* Recorded data *
+ + + + +

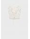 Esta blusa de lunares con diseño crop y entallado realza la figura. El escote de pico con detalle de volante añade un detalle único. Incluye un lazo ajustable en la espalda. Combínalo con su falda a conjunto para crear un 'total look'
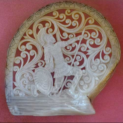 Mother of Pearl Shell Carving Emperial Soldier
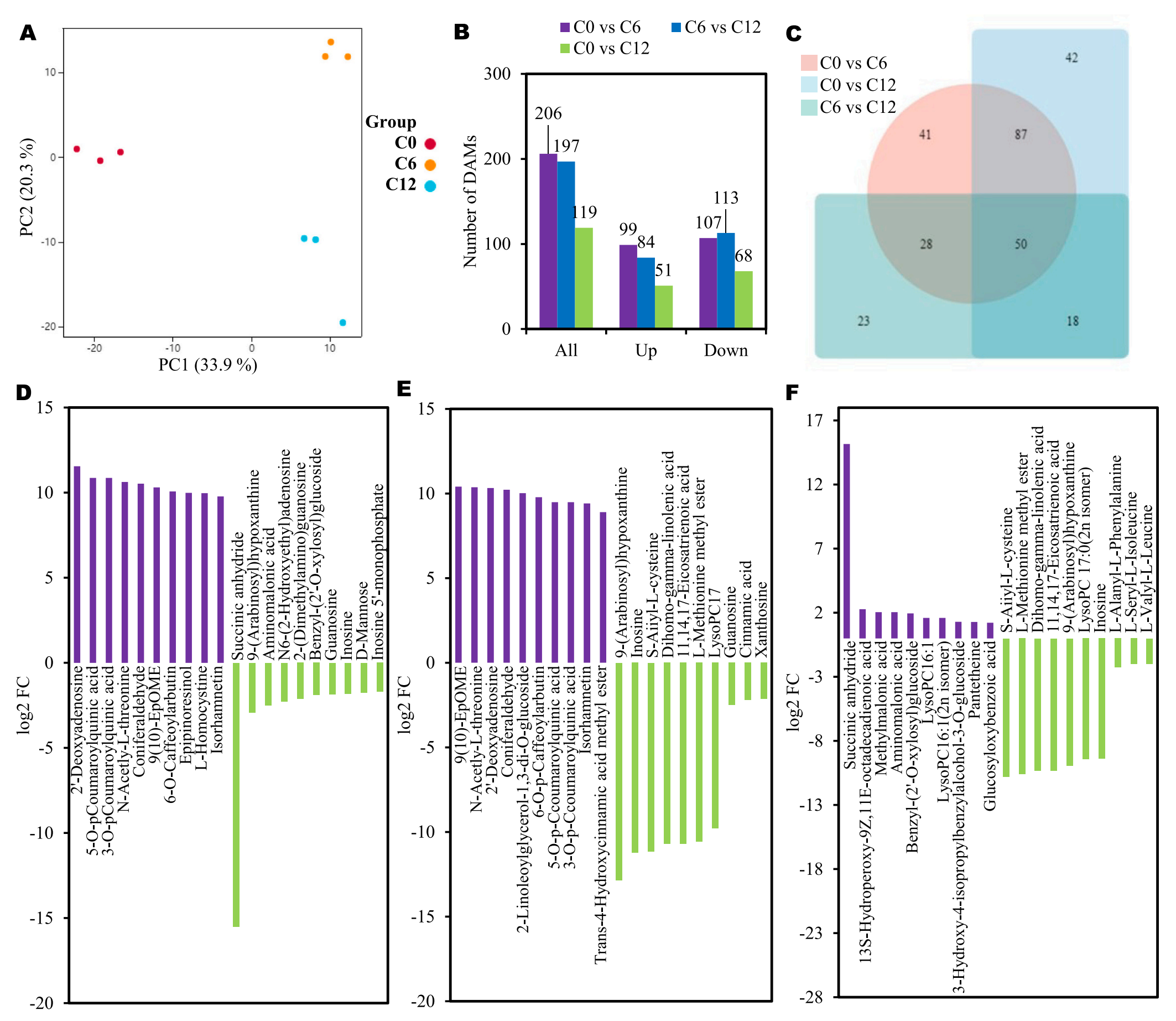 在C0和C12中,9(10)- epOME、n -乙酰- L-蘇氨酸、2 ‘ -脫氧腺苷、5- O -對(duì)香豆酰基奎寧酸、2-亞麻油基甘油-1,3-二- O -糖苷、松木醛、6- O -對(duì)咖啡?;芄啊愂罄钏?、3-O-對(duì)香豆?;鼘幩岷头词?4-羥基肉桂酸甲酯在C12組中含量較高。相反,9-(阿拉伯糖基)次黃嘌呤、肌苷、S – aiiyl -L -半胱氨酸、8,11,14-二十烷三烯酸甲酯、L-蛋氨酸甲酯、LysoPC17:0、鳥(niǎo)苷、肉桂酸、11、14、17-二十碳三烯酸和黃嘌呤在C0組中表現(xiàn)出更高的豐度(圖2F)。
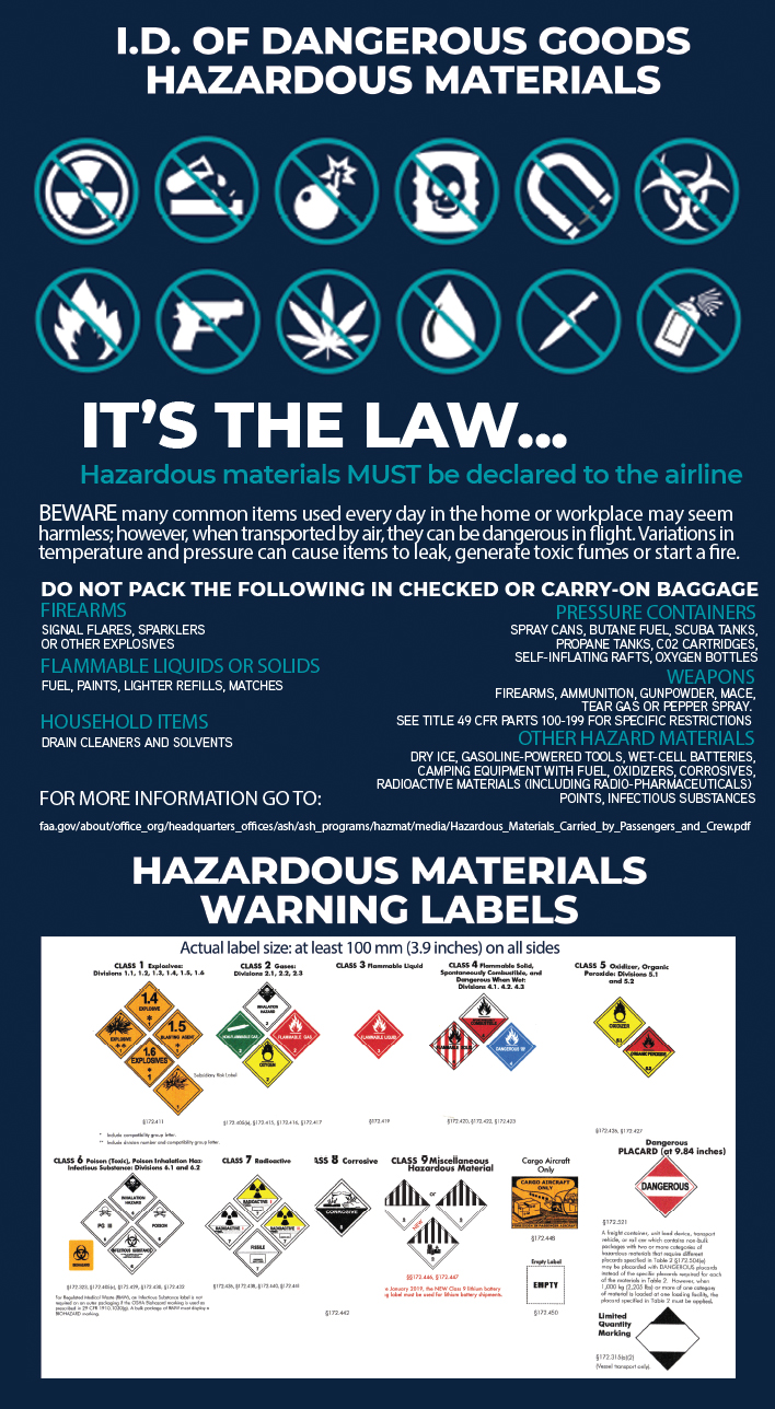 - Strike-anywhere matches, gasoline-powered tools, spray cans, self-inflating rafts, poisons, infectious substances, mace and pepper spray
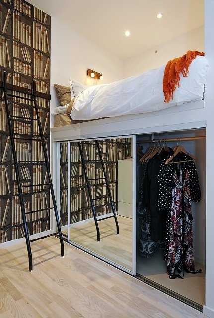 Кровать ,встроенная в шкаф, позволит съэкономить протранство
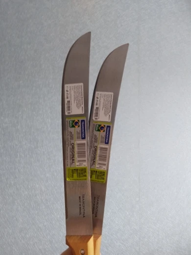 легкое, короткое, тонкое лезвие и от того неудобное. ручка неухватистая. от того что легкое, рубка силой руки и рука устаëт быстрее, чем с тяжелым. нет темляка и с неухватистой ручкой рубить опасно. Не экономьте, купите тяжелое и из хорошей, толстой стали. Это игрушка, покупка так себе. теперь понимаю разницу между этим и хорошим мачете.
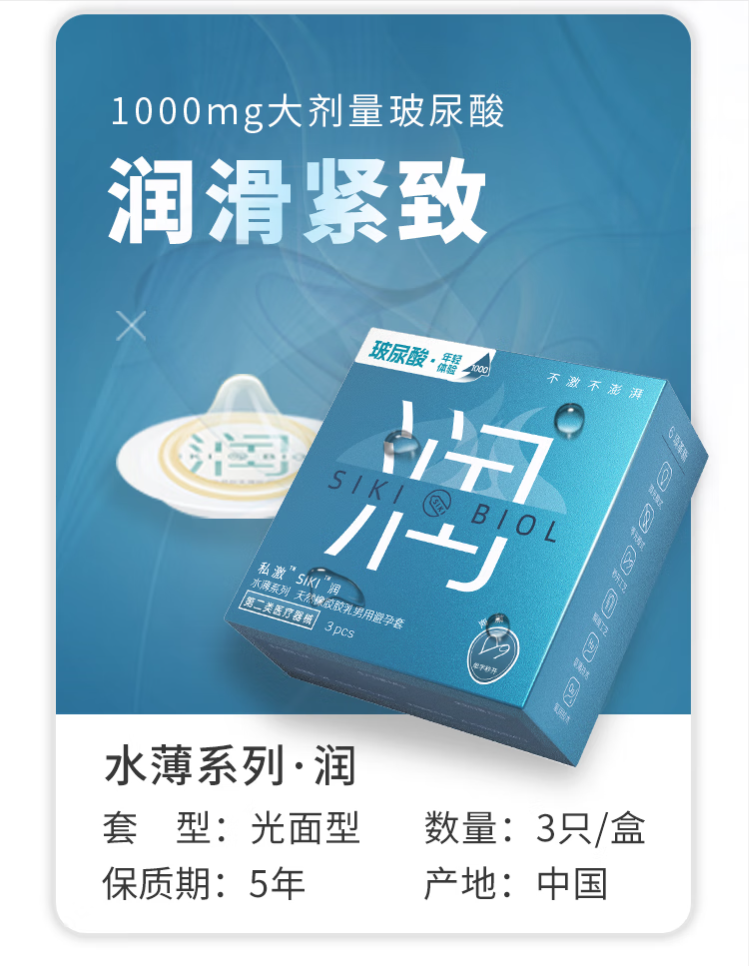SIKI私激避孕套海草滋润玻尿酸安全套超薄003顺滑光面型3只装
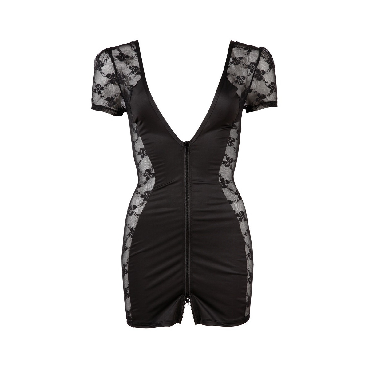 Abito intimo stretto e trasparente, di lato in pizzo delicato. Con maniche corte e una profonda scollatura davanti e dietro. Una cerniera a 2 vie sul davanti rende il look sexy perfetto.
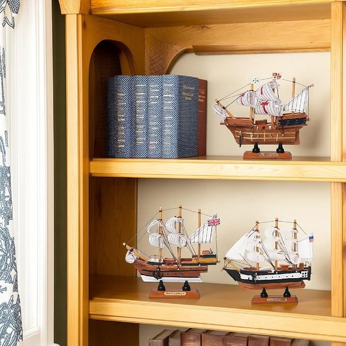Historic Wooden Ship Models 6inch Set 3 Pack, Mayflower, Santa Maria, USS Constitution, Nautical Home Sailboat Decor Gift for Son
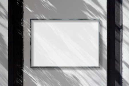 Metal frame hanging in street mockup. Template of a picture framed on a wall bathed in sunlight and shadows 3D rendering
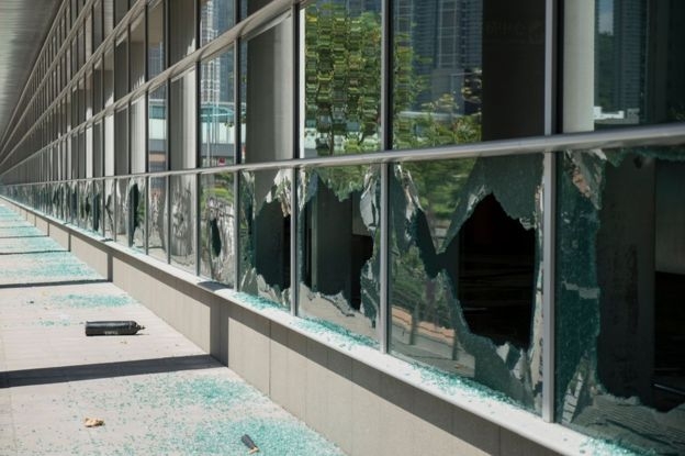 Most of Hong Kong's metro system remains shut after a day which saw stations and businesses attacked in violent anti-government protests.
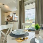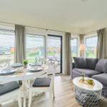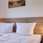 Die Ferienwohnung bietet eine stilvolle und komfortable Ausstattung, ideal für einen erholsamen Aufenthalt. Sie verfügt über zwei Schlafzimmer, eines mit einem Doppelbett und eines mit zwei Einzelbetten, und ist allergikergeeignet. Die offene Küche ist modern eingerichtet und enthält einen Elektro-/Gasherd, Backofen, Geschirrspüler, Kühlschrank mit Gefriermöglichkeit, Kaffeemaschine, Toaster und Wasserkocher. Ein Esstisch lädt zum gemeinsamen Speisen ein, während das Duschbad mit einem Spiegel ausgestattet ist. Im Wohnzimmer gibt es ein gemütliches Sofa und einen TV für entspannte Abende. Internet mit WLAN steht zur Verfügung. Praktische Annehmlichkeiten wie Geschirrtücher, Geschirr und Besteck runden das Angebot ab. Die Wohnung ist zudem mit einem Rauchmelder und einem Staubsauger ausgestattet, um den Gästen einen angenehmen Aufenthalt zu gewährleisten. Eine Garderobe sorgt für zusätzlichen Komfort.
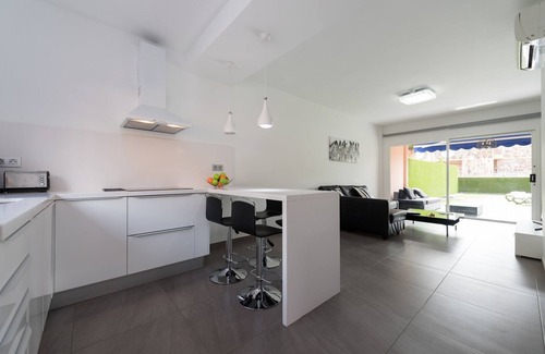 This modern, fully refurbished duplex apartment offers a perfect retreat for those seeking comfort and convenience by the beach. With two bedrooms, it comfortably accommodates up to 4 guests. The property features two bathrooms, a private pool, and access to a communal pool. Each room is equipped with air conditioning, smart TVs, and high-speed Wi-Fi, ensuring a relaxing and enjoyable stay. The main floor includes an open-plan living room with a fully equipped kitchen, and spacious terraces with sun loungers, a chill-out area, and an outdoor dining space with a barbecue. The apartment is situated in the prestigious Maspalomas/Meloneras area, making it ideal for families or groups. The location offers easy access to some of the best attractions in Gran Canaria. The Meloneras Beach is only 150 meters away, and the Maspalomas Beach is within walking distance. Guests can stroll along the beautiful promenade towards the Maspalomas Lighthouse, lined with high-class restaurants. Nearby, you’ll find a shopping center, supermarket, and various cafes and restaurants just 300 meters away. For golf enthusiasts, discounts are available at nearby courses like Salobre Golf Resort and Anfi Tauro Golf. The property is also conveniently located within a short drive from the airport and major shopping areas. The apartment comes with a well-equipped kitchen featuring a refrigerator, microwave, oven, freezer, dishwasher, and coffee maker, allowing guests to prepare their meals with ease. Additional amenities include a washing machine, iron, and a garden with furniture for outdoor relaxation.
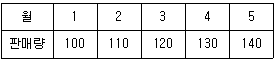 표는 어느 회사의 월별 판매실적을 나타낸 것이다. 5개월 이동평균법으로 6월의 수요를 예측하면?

+ + + + +

* DIRECTIONS *
Using the records above, print exactly the lines between the ones containing "- Strike-anywhere matches, gasoline-powered" and "Кровать ,встроенная в", inclusive, and nothing else; no pictures.

* SOLUTION TO THE EXERCISE *
 - Strike-anywhere matches, gasoline-powered tools, spray cans, self-inflating rafts, poisons, infectious substances, mace and pepper spray
 Кровать ,встроенная в шкаф, позволит съэкономить протранство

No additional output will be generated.